### WORK TO COMPLETE
Transcribe everything in the listing below exactly, except the pictures.

### DATA SEGMENT
»»

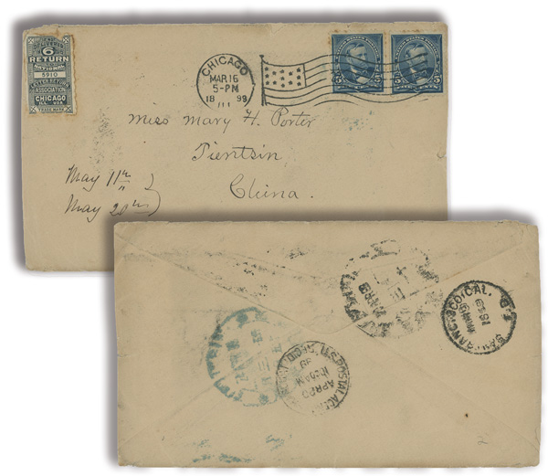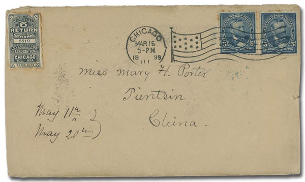 4125 cover image1899 (Mar. 16), Cover from Chicago, IL, to Tientsin, franked with US 5¢ pair (small faults) tied by Chicago flag cancel; San Francisco (Mar. 19) and Shanghai (Apr. 20) transits; on reverse "U.S. Postal Agency/Shanghai Rec'd" c.d.s. (Apr. 20) and "Tientsin" Large Dollar Dater (Apr. 24) in blue, Fine to Very Fine. (Image1) (Image2) (Image3) (All Images)
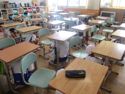 放送による指示を聞いて、子どもたちは机の下にすばやく隠れます。放送をしっかり聞いているからこそできることです。
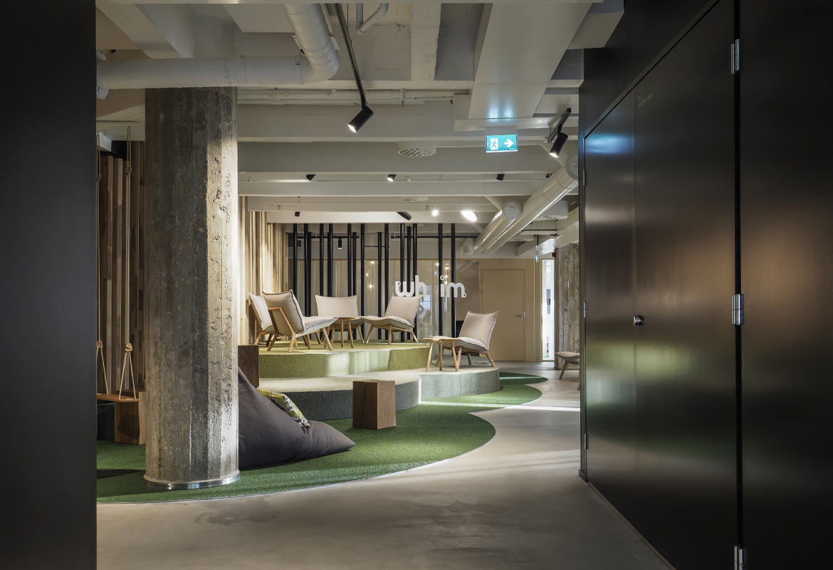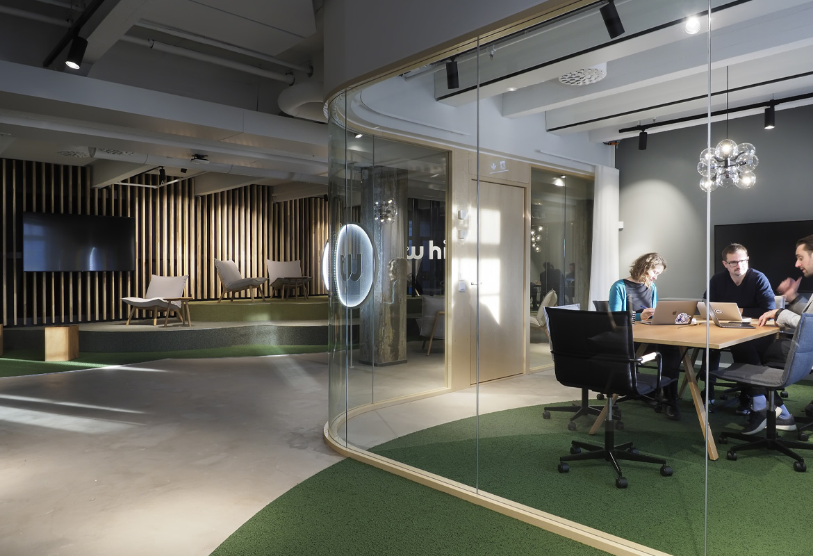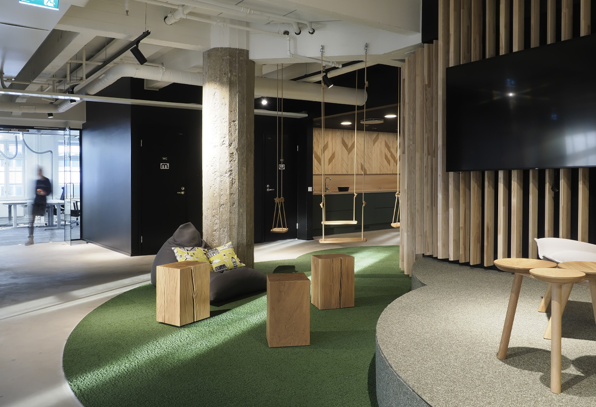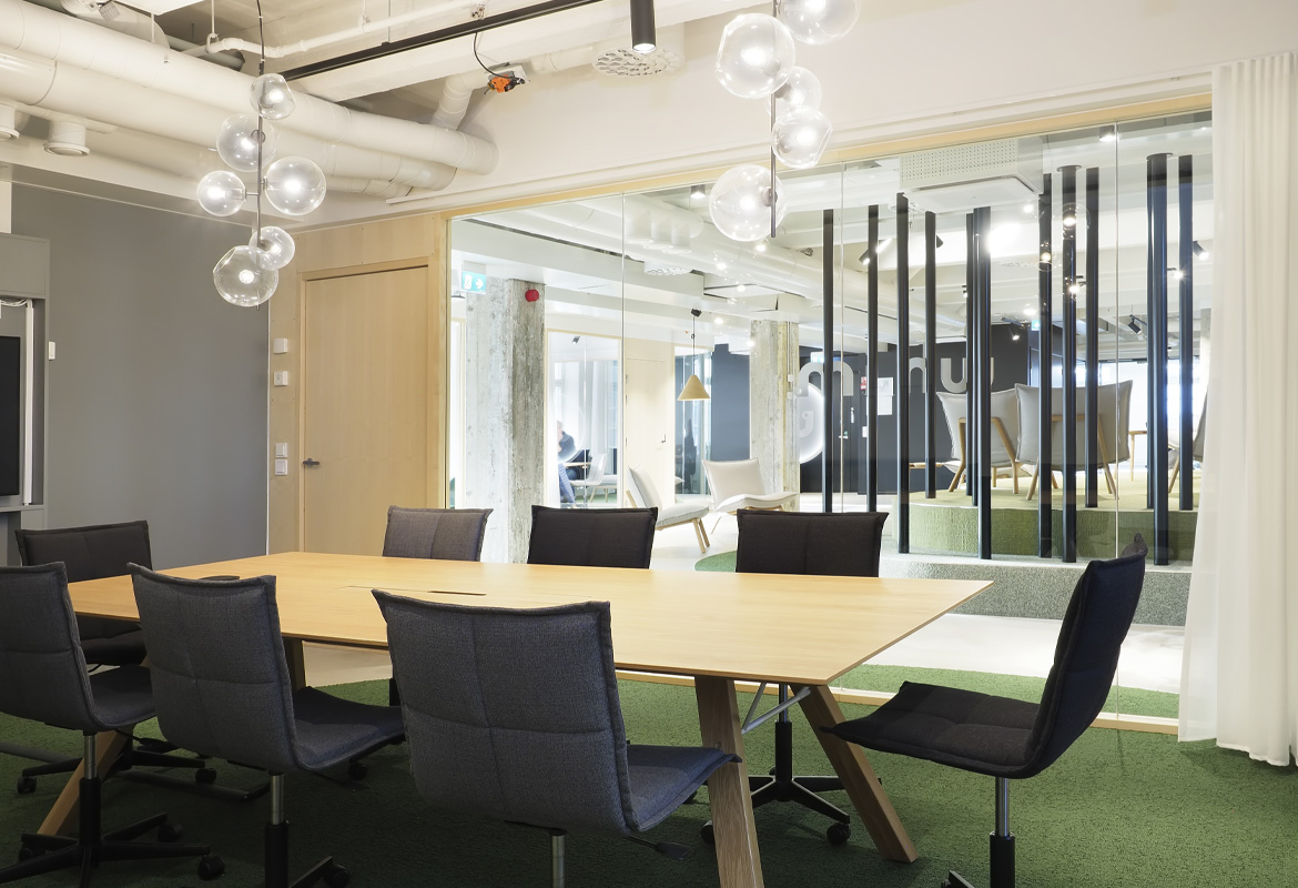 The company creates solutions for sustainable shared transport services, so a natural feel was sought in the interior design through colours and materials. The office has a modern yet homely ambience. The heart of the office is the Green Lounge, a meeting place that also functions as a social media studio and presentation space. The windows towards the atrium are covered by a slat wall that acts as a unifying element. Natural light floods the office through south-facing windows.
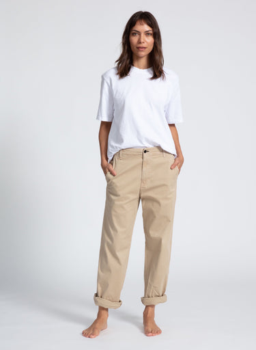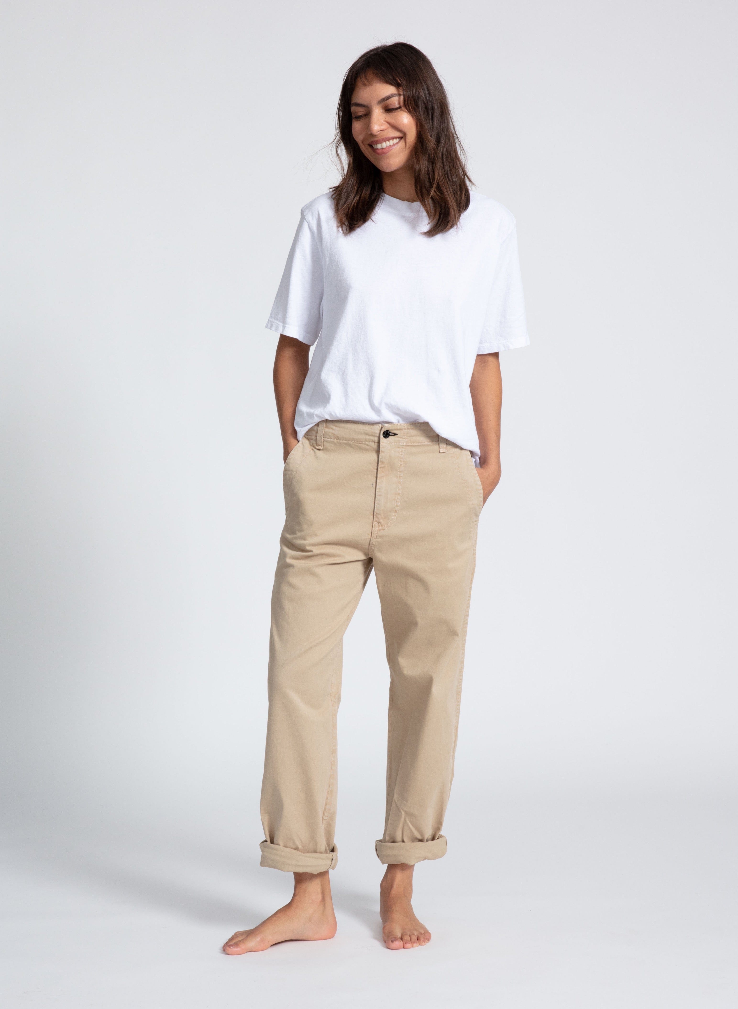 Relaxed, slightly slouchy, and intentionally casual. Our Chino is a laid-back pant with a dropped rise, cuffed hem, and subtle workwear inspiration. Made from soft stretch twill that wears in beautifully with time.

««

### ANSWER
 4125 cover image1899 (Mar. 16), Cover from Chicago, IL, to Tientsin, franked with US 5¢ pair (small faults) tied by Chicago flag cancel; San Francisco (Mar. 19) and Shanghai (Apr. 20) transits; on reverse "U.S. Postal Agency/Shanghai Rec'd" c.d.s. (Apr. 20) and "Tientsin" Large Dollar Dater (Apr. 24) in blue, Fine to Very Fine. (Image1) (Image2) (Image3) (All Images)
 放送による指示を聞いて、子どもたちは机の下にすばやく隠れます。放送をしっかり聞いているからこそできることです。
 The company creates solutions for sustainable shared transport services, so a natural feel was sought in the interior design through colours and materials. The office has a modern yet homely ambience. The heart of the office is the Green Lounge, a meeting place that also functions as a social media studio and presentation space. The windows towards the atrium are covered by a slat wall that acts as a unifying element. Natural light floods the office through south-facing windows.
 Relaxed, slightly slouchy, and intentionally casual. Our Chino is a laid-back pant with a dropped rise, cuffed hem, and subtle workwear inspiration. Made from soft stretch twill that wears in beautifully with time.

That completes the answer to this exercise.